[Data entries]
=-=-=-=-=

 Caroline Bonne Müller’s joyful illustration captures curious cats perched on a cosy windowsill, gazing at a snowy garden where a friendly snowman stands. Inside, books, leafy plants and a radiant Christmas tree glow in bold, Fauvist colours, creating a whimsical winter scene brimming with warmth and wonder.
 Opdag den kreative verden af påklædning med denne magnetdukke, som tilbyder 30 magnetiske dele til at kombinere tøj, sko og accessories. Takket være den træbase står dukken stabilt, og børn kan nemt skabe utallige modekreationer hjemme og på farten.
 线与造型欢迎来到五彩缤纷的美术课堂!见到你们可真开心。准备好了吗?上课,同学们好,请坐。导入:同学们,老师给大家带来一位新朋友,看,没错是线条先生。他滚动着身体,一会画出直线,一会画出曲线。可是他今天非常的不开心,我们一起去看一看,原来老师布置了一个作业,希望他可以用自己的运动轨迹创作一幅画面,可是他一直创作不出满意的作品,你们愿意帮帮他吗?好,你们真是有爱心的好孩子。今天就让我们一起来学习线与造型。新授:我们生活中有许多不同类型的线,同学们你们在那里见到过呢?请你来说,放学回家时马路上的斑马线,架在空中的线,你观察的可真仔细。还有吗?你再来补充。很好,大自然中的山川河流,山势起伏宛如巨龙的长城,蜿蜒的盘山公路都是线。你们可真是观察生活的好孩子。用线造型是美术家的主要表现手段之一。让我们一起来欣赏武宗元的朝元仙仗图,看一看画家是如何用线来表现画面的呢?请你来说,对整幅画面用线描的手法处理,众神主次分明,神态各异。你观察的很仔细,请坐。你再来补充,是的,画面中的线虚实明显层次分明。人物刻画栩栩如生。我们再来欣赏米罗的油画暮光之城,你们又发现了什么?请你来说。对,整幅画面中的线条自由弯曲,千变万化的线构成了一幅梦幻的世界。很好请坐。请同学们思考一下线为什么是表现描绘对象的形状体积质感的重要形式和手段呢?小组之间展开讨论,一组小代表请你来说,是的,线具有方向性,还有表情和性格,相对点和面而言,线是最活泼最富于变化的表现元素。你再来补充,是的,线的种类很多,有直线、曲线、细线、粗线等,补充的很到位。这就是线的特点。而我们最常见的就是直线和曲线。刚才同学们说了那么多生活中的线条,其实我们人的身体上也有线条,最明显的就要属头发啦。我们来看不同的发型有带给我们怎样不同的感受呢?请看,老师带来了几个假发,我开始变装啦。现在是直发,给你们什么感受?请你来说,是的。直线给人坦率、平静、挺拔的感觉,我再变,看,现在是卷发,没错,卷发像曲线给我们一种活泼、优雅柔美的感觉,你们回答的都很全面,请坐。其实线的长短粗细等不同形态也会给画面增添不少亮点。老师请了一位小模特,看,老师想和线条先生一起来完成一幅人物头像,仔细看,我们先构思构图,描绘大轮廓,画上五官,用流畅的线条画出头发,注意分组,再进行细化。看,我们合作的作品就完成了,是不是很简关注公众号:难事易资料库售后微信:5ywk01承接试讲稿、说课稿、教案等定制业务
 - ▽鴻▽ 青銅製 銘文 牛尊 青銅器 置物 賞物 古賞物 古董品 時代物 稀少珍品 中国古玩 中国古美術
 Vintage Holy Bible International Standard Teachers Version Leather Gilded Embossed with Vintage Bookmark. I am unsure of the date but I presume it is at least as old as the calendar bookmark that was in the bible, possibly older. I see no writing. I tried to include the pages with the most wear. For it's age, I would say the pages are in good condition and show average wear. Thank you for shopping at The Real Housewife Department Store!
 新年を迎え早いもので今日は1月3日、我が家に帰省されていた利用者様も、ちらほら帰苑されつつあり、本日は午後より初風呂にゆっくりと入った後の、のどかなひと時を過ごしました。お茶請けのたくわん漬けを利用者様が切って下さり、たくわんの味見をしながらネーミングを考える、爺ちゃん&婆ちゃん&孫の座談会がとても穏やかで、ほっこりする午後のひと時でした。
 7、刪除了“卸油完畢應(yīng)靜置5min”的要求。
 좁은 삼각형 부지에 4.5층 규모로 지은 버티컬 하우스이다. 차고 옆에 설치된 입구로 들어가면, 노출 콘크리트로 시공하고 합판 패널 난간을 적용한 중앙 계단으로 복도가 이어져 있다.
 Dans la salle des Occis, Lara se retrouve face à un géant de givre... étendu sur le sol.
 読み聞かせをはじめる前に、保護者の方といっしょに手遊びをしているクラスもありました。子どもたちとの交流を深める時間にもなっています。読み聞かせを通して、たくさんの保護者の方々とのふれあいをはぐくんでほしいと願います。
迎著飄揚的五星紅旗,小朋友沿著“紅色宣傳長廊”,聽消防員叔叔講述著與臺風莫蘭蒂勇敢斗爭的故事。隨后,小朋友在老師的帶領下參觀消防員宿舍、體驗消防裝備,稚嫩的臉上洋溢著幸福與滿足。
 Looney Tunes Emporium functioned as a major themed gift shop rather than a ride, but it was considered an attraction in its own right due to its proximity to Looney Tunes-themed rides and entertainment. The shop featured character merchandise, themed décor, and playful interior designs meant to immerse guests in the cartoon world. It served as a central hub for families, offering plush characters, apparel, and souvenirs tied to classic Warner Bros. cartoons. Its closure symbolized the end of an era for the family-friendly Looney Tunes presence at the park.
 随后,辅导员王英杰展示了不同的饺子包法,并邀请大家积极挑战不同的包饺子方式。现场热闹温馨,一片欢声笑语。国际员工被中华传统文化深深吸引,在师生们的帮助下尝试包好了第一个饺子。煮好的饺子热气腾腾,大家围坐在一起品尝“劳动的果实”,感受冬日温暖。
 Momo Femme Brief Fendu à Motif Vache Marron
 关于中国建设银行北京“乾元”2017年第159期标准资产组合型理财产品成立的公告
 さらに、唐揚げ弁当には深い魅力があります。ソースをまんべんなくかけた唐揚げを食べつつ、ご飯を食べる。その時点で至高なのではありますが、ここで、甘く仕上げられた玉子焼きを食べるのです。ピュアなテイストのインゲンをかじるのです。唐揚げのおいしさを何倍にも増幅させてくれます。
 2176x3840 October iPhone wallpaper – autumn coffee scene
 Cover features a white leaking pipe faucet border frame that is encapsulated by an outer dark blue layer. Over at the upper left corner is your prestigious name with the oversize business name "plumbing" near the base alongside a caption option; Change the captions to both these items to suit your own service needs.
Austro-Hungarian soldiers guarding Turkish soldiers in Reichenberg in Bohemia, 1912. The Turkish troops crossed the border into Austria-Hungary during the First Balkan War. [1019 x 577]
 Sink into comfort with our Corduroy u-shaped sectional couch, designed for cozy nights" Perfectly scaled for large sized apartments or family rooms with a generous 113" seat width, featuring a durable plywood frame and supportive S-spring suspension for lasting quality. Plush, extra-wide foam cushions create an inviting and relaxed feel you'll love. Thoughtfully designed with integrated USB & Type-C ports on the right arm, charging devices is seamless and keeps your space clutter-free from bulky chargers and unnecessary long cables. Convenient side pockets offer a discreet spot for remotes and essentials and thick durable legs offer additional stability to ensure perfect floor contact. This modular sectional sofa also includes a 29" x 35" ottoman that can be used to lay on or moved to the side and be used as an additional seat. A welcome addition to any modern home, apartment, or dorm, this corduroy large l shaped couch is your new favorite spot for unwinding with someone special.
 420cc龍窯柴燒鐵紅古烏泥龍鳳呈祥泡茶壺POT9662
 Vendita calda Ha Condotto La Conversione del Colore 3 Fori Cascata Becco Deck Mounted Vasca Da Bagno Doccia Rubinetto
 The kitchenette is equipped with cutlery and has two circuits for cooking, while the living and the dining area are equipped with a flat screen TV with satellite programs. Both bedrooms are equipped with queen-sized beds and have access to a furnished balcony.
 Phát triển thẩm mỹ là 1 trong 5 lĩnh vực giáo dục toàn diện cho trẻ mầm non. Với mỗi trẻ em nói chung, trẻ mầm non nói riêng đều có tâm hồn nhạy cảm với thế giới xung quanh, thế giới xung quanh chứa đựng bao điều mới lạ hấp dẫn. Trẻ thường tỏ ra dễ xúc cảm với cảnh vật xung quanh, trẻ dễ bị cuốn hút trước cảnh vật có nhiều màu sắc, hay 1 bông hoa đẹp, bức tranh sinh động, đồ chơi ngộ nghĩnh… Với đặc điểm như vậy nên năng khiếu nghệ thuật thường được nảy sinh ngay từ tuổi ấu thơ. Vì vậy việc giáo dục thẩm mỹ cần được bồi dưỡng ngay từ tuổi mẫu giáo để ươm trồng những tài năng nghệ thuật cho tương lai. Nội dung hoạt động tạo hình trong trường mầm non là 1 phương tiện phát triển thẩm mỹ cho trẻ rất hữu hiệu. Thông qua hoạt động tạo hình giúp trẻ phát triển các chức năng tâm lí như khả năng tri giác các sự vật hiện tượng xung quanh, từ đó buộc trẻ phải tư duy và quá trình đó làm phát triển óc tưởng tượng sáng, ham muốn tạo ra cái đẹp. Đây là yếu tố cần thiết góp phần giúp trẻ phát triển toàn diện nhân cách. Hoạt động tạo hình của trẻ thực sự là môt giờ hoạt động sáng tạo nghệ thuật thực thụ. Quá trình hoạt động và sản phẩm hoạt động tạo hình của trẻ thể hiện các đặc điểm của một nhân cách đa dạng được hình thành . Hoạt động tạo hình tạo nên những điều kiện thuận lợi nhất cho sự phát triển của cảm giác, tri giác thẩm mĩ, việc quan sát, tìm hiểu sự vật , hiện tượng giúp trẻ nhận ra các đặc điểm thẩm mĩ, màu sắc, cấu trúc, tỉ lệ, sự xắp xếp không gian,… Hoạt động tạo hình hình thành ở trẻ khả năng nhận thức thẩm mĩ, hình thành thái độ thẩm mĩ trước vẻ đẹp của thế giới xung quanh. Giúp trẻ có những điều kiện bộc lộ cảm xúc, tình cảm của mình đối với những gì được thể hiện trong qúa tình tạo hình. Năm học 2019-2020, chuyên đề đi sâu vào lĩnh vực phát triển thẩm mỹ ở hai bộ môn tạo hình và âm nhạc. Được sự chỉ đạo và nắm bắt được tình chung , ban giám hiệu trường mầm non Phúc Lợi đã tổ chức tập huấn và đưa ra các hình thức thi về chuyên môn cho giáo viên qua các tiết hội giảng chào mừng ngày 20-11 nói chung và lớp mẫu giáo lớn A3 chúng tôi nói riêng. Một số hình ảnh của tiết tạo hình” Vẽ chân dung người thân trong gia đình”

=-=-=-=-=

■ **Work to complete**: If a line above contains the word "friendly", list it.

■ **Response for this exercise**:
 Caroline Bonne Müller’s joyful illustration captures curious cats perched on a cosy windowsill, gazing at a snowy garden where a friendly snowman stands. Inside, books, leafy plants and a radiant Christmas tree glow in bold, Fauvist colours, creating a whimsical winter scene brimming with warmth and wonder.
 Looney Tunes Emporium functioned as a major themed gift shop rather than a ride, but it was considered an attraction in its own right due to its proximity to Looney Tunes-themed rides and entertainment. The shop featured character merchandise, themed décor, and playful interior designs meant to immerse guests in the cartoon world. It served as a central hub for families, offering plush characters, apparel, and souvenirs tied to classic Warner Bros. cartoons. Its closure symbolized the end of an era for the family-friendly Looney Tunes presence at the park.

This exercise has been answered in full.